Embedding models are typically trained with a contrastive learning objective. The training data consists of pairs: (query, relevant document). The model learns to produce vectors such that:

  • The query vector is close to the relevant document's vector
  • The query vector is far from irrelevant documents' vectors
CONTRASTIVE TRAINING INTUITION:

  Training pair: ("heart attack symptoms", "Chest pain, shortness of breath,
                   nausea, and sweating are common signs of acute MI")

  The model learns to push these vectors TOGETHER:

     query ●───────→ ● relevant doc     (minimize distance)

  And push these vectors APART:

     query ●                             (maximize distance)
                         ● random doc

  After millions of such examples, the model's vector space
  reflects semantic similarity across all text.

Task Types: RETRIEVAL_QUERY vs RETRIEVAL_DOCUMENT

Google's text-embedding-005 model (which our project uses) supports task types that modify how text is embedded. This is a subtle but important feature.

When you embed a short query differently from a long document, the model can optimize the vector space for asymmetric retrieval — where queries are short questions and documents are long passages.
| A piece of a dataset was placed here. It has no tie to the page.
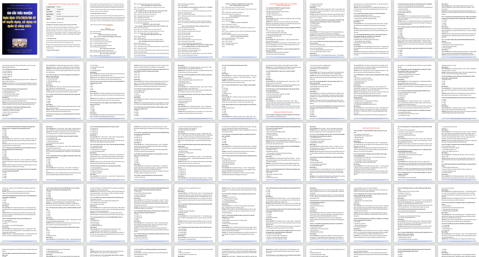 150 câu trắc nghiệm Nghị định 170/2025/NĐ-CP về tuyển dụng, sử dụng và quản lý công chức

| Task Type | When to Use | What It Does | |-----------|-------------|--------------| | RETRIEVAL_QUERY | Embedding a user's search query | Optimizes vector for matching against documents | | RETRIEVAL_DOCUMENT | Embedding a document chunk for indexing | Optimizes vector for being found by queries | | SEMANTIC_SIMILARITY | Comparing two texts of similar length | Symmetric similarity (no query/document distinction) | | CLASSIFICATION | Embedding text for a classifier | Optimizes for separating classes | | CLUSTERING | Embedding text for clustering | Optimizes for grouping similar texts |

The asymmetry matters. A query like "treatment for AFib" is short and intentional. A document chunk like "The management of atrial fibrillation involves rate control with beta-blockers or calcium channel blockers, rhythm control with antiarrhythmic drugs..." is long and descriptive. The model internally adjusts its pooling and weighting strategy based on the task type.

AI DOCTOR EXAMPLE:
In our project, the distinction is clear and consistent:

  - At INGESTION time: clinical guideline chunks are embedded with
    task_type="RETRIEVAL_DOCUMENT"

  - At QUERY time: the physician's question is embedded with
    task_type="RETRIEVAL_QUERY"

This asymmetric embedding ensures the query vector is optimized
to "find" document vectors, not to be "similar" to them in a
symmetric sense. The difference in retrieval quality is measurable
— Google's benchmarks show 2-5% improvement on NDCG@10 when using
appropriate task types vs. using no task type.

Our Embedding Code

Here is the actual embedding implementation from the AI Doctor backend. There are two functions: one for queries (single text, real-time) and one for documents (batch, at ingestion time).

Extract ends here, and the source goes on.